Yunus getting in the way of Grameen Bank reforms, says Muhith

Finance Minister AMA Muhith has again blamed Muhammad Yunus for the delay in restructuring embattled Grameen Bank.

Staff Correspondentbdnews24.com
Published : 6 July 2015, 07:36 PM
Updated : 6 July 2015, 07:36 PM

The government is yet to appoint a chairman and managing director to the Nobel-winning microcredit lender even after amending the Grameen Bank Act.

Muhith has been blaming Yunus, its founding MD, for making things difficult for the government.

At a book launch on Monday, he said Yunus came to prominence when microcredit was institutionalised. Before that, small loans were limited among individuals.

“He is the first person to institutionalise it,” the minister said. “Unfortunately, he himself became the institution and that caused the rift between us.”

The Grameen Bank was set up through a military ordinance in 1983. Yunus shared the Nobel peace prize in 2006 with it.

But financial regulator Bangladesh Bank sacked Yunus from his post in March 2011 on the ground that he had crossed the official age limit.
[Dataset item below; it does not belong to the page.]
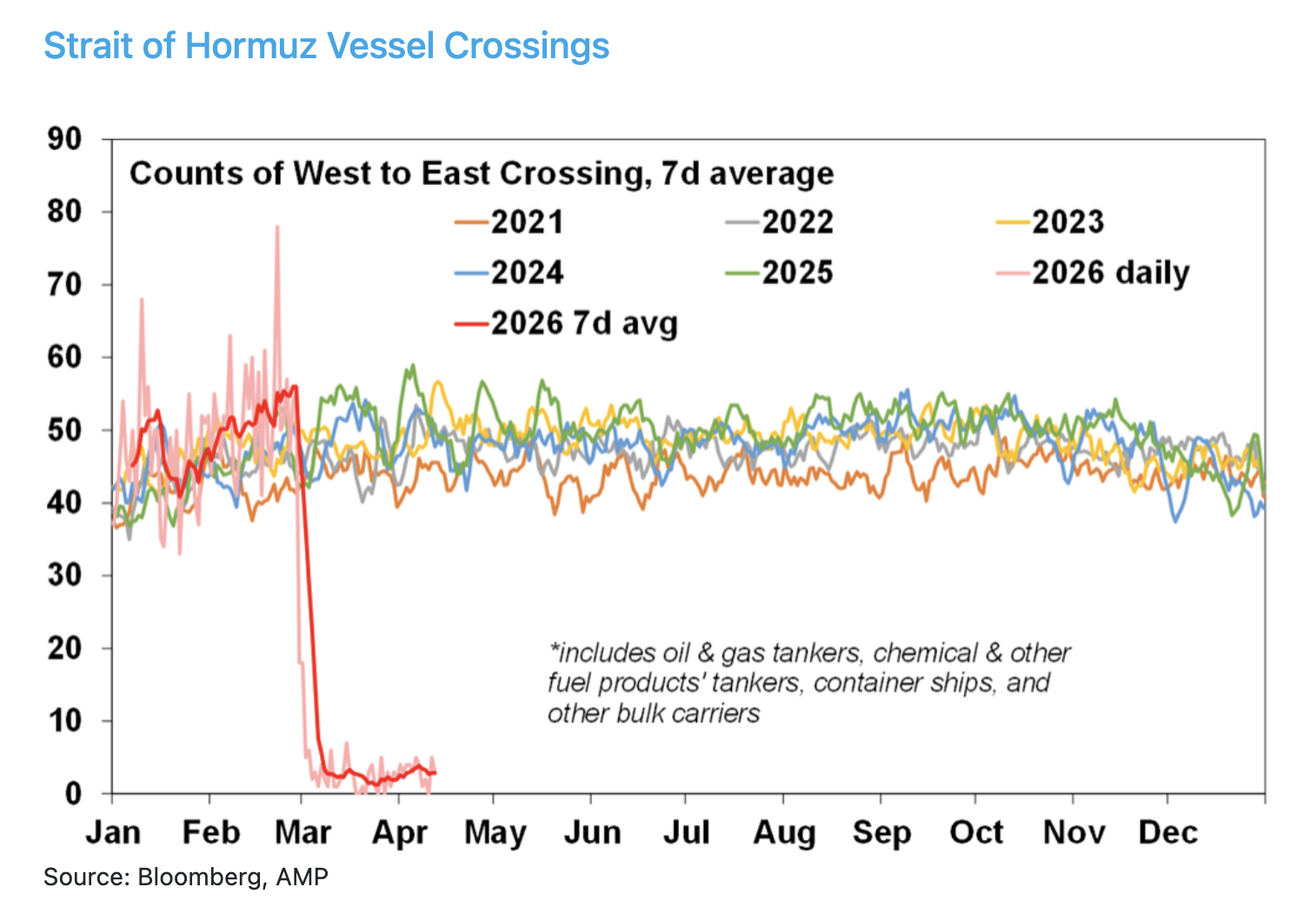 - A stagflationary hit of higher inflation and weaker growth is now baked in with the uncertainty being how long it’s sustained. The flow of ships through the Strait of Hormuz remains the key – as it has been since day one of the War.

Muhammad Yunus (File Photo)

The termination came a year after a Norwegian TV documentary accused him of transferring funds without informing the donors, alleging that the lenders protested his dealings.

Yunus challenged his firing at the High Court but lost.

Since then, he has been at loggerheads with the government.

He criticised the government’s initiative to bring the institution under the central bank’s supervision and announced to thwart the move.

The BNP threw its weight behind him.

A government inquiry into alleged irregularities recommended the institution’s decentralisation.

“The Grameen Bank needs more development,” Muhith said. “We want to improve it but his (Yunus’) supporters are creating obstacles by filing cases,” Muhith said.

Capital market ‘doing well’

The finance minister said the government had taken many steps to improve the capital market in the last five years.

AMA Muhith (File Photo)

“It’s in a much better shape now,” he said.

In his latest budget, Muhith proposed raising threshold of tax exemption on dividend income to Tk 25,000 from Tk 20,000.

In the budget speech, he said the capital market stood on “strong grounds” and that the government wanted to attract more companies to expand the market.

He criticised the investors who he said expected share prices to only rise, ignoring the possibility that stocks may fall.

“Overall, the capital market has turned into an investment market,” the minister added.